Material provided
===

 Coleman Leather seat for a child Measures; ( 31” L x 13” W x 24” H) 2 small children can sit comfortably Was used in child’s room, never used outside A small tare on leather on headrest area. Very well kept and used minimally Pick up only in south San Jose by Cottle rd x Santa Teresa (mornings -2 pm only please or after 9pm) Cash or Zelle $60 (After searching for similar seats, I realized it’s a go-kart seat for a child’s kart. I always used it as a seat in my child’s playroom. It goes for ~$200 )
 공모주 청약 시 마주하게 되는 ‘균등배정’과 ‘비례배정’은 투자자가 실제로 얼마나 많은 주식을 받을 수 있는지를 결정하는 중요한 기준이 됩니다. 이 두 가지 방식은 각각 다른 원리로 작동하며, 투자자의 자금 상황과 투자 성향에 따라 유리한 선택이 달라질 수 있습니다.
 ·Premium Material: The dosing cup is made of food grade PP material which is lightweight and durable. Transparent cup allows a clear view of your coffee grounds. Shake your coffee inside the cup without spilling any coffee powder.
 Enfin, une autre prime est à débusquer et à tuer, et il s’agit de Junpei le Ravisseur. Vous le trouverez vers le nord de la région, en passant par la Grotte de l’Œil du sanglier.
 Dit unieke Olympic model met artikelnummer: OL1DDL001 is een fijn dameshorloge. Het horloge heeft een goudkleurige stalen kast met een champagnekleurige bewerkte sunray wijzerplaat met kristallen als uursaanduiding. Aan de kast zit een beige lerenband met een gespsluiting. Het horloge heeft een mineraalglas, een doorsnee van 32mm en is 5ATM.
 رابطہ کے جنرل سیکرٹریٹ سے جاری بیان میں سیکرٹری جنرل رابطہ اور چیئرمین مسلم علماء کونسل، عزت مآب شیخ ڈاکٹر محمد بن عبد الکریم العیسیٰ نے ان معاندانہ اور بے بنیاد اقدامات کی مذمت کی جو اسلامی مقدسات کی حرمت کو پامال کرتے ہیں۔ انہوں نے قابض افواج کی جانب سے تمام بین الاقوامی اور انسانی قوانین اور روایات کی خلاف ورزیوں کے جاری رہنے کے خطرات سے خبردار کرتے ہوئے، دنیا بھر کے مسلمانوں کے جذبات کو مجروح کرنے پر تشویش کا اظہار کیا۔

===

Exercise directions
The records given above are to be repeated in full, exactly.

Answer below
 Coleman Leather seat for a child Measures; ( 31” L x 13” W x 24” H) 2 small children can sit comfortably Was used in child’s room, never used outside A small tare on leather on headrest area. Very well kept and used minimally Pick up only in south San Jose by Cottle rd x Santa Teresa (mornings -2 pm only please or after 9pm) Cash or Zelle $60 (After searching for similar seats, I realized it’s a go-kart seat for a child’s kart. I always used it as a seat in my child’s playroom. It goes for ~$200 )
 공모주 청약 시 마주하게 되는 ‘균등배정’과 ‘비례배정’은 투자자가 실제로 얼마나 많은 주식을 받을 수 있는지를 결정하는 중요한 기준이 됩니다. 이 두 가지 방식은 각각 다른 원리로 작동하며, 투자자의 자금 상황과 투자 성향에 따라 유리한 선택이 달라질 수 있습니다.
 ·Premium Material: The dosing cup is made of food grade PP material which is lightweight and durable. Transparent cup allows a clear view of your coffee grounds. Shake your coffee inside the cup without spilling any coffee powder.
 Enfin, une autre prime est à débusquer et à tuer, et il s’agit de Junpei le Ravisseur. Vous le trouverez vers le nord de la région, en passant par la Grotte de l’Œil du sanglier.
 Dit unieke Olympic model met artikelnummer: OL1DDL001 is een fijn dameshorloge. Het horloge heeft een goudkleurige stalen kast met een champagnekleurige bewerkte sunray wijzerplaat met kristallen als uursaanduiding. Aan de kast zit een beige lerenband met een gespsluiting. Het horloge heeft een mineraalglas, een doorsnee van 32mm en is 5ATM.
 رابطہ کے جنرل سیکرٹریٹ سے جاری بیان میں سیکرٹری جنرل رابطہ اور چیئرمین مسلم علماء کونسل، عزت مآب شیخ ڈاکٹر محمد بن عبد الکریم العیسیٰ نے ان معاندانہ اور بے بنیاد اقدامات کی مذمت کی جو اسلامی مقدسات کی حرمت کو پامال کرتے ہیں۔ انہوں نے قابض افواج کی جانب سے تمام بین الاقوامی اور انسانی قوانین اور روایات کی خلاف ورزیوں کے جاری رہنے کے خطرات سے خبردار کرتے ہوئے، دنیا بھر کے مسلمانوں کے جذبات کو مجروح کرنے پر تشویش کا اظہار کیا۔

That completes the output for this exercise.